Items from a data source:
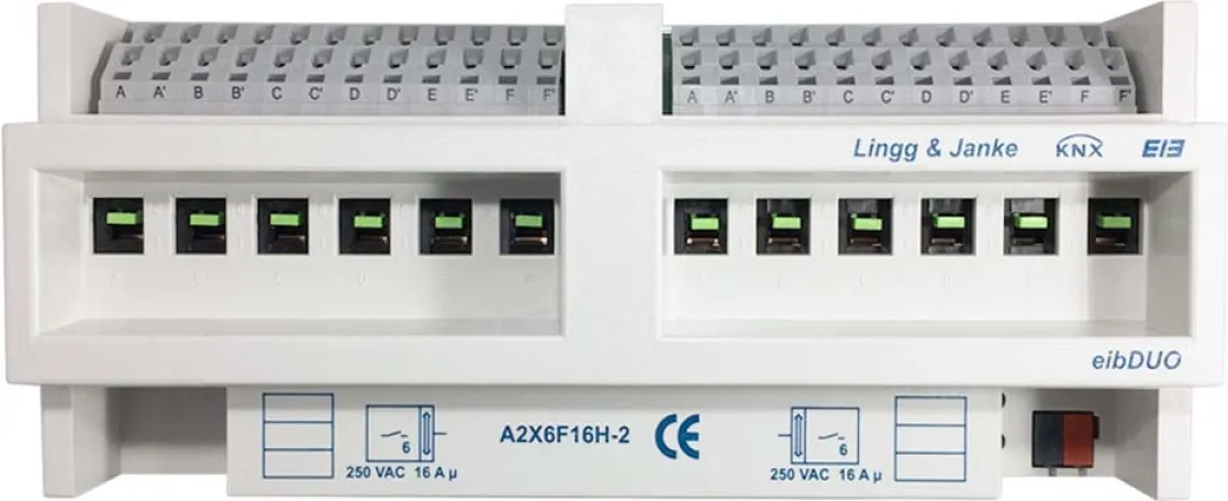 Der Lingg & Janke KNX Schaltaktor 12-fach A2X6F16H-2 ist die leistungsstarke und flexible Lösung für anspruchsvolle KNX-Installationen. Mit 12 unabhängig schaltbaren Ausgängen, 16A Bemessungsstrom pro Kanal und intuitiver Handbedienung erfüllt dieser Schaltaktor höchste Anforderungen im modernen Smart Building – ideal für Gewerbe, Büro und hochwertige Wohnprojekte.
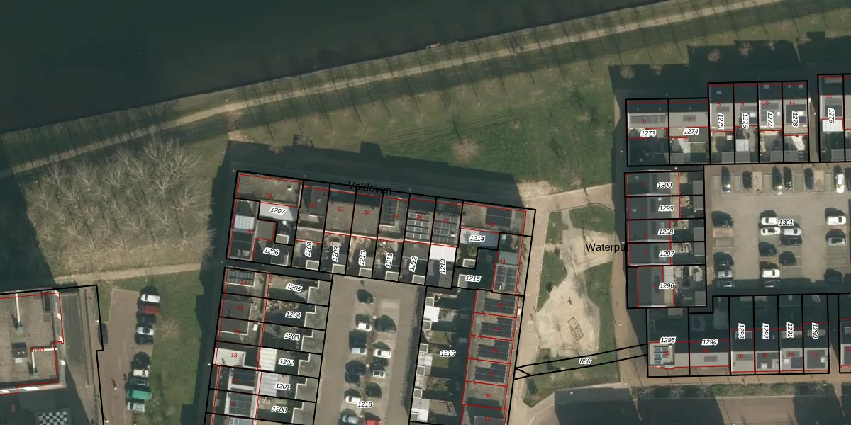 Veldoven 38 is gelegen op kadastraal perceel CUI00G1212. Deze kadastrale aanduiding is uniek en wordt gebruikt door het Kadaster om eigendomsrechten en andere zakelijke rechten vast te leggen. Het perceel maakt onderdeel uit van de kadastrale gemeente Cuijk.
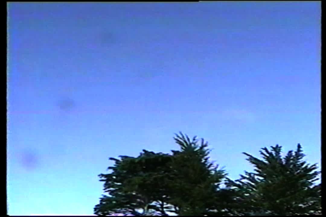 A woodpecker pecks at a security camera in a yard. Security footage.
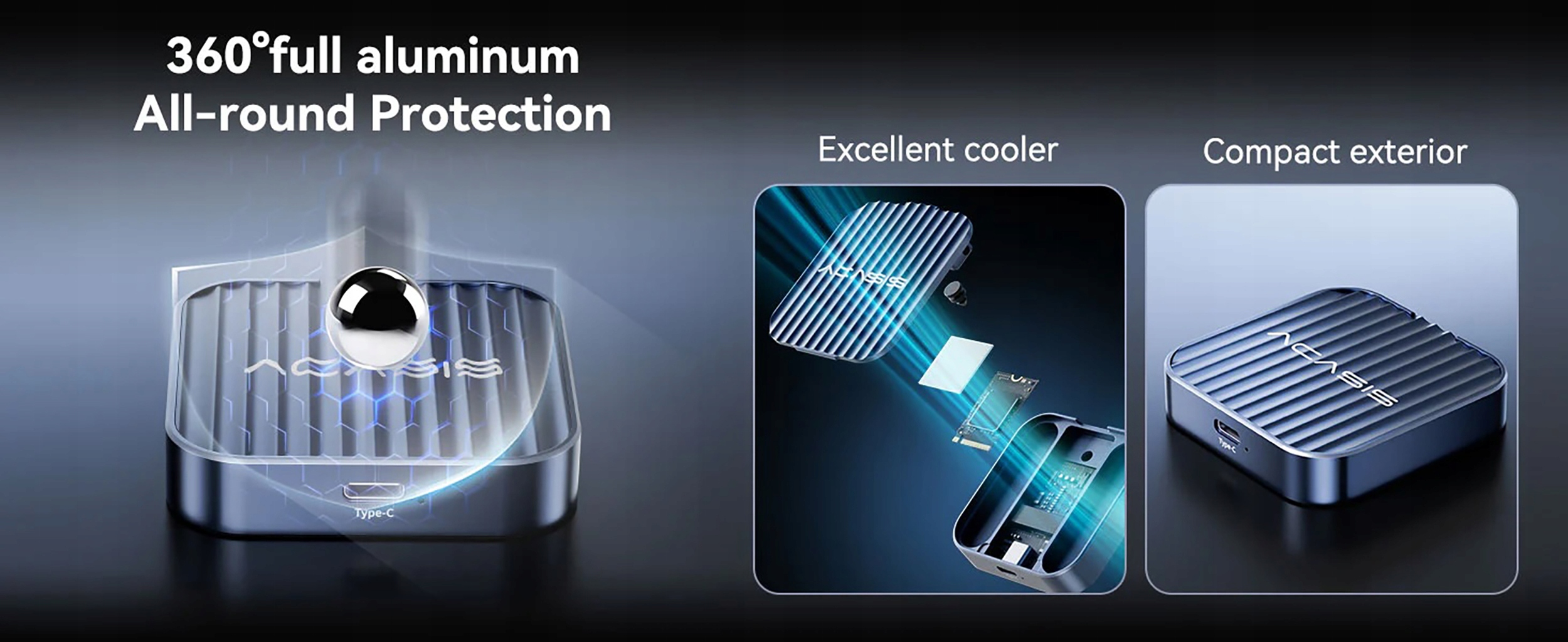 Оборудованный корпусом из алюминиевого сплава на 360°, двойным охлаждением и противоударной конструкцией, он обеспечивает надежную защиту данных, эффективно предотвращая потерю данных, вызванную столкновением и перегревом твердотельного накопителя.
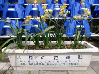 2年生が取り組んだ人権の花のスイセンがきれいに咲いています。春の訪れを感じさせます。花を見ると気持ちも美しく洗われるようです。
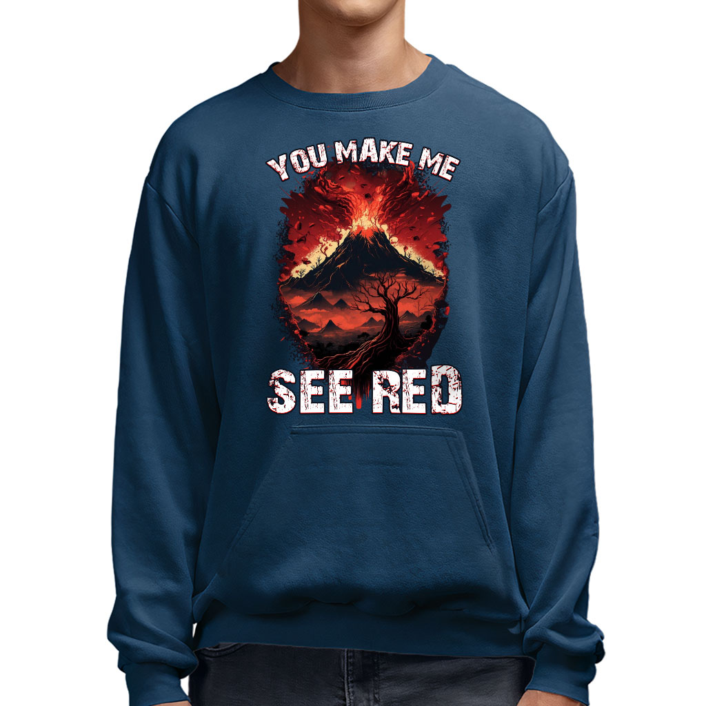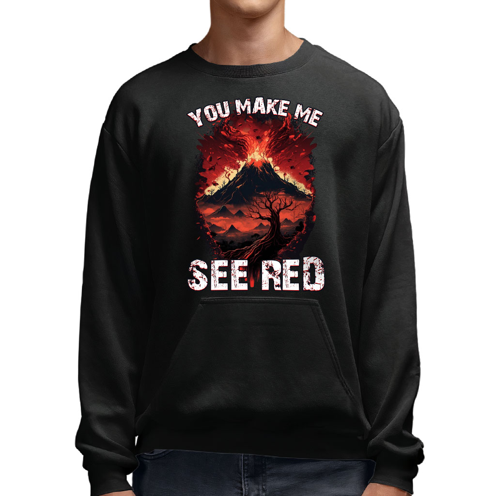 See Red Sweatshirt with Pocket – Volcano Crewneck Sweatshirt – Angry Quotes Sweatshirt
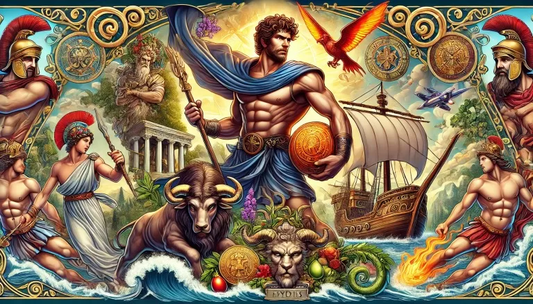 イアソンは、勇気と知恵、そしてリーダーシップを持つ英雄として知られています。彼の象徴としては、アルゴ船、金羊毛、そしてアルゴナウタイの仲間たちが挙げられます。これらの象徴は、彼の英雄的な業績と冒険を強調しています。
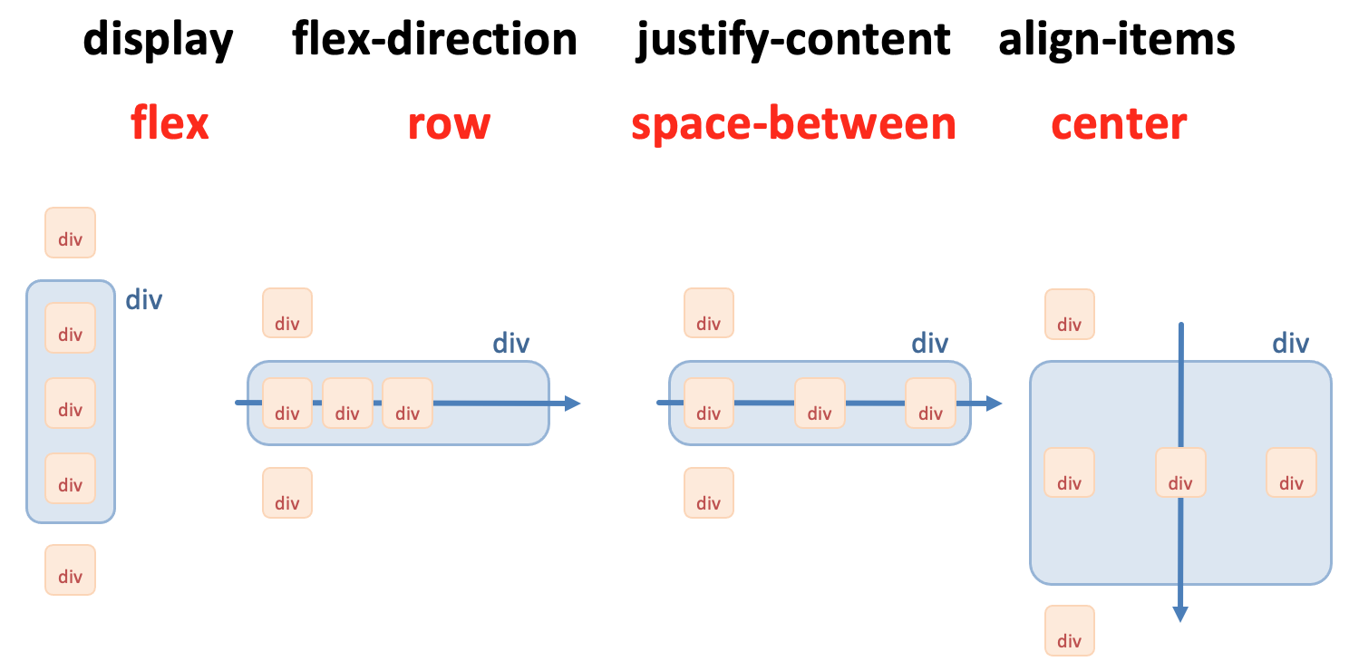 display: flex;로 기본 정렬 후 세부적으로 조절한다.

Your instructions: Can the lines from the one with "Оборудованный корпусом из" to the end of the records above be quoted exactly, both ends included, with every picture omitted?

The answer:
 Оборудованный корпусом из алюминиевого сплава на 360°, двойным охлаждением и противоударной конструкцией, он обеспечивает надежную защиту данных, эффективно предотвращая потерю данных, вызванную столкновением и перегревом твердотельного накопителя.
 2年生が取り組んだ人権の花のスイセンがきれいに咲いています。春の訪れを感じさせます。花を見ると気持ちも美しく洗われるようです。
 See Red Sweatshirt with Pocket – Volcano Crewneck Sweatshirt – Angry Quotes Sweatshirt
 イアソンは、勇気と知恵、そしてリーダーシップを持つ英雄として知られています。彼の象徴としては、アルゴ船、金羊毛、そしてアルゴナウタイの仲間たちが挙げられます。これらの象徴は、彼の英雄的な業績と冒険を強調しています。
 display: flex;로 기본 정렬 후 세부적으로 조절한다.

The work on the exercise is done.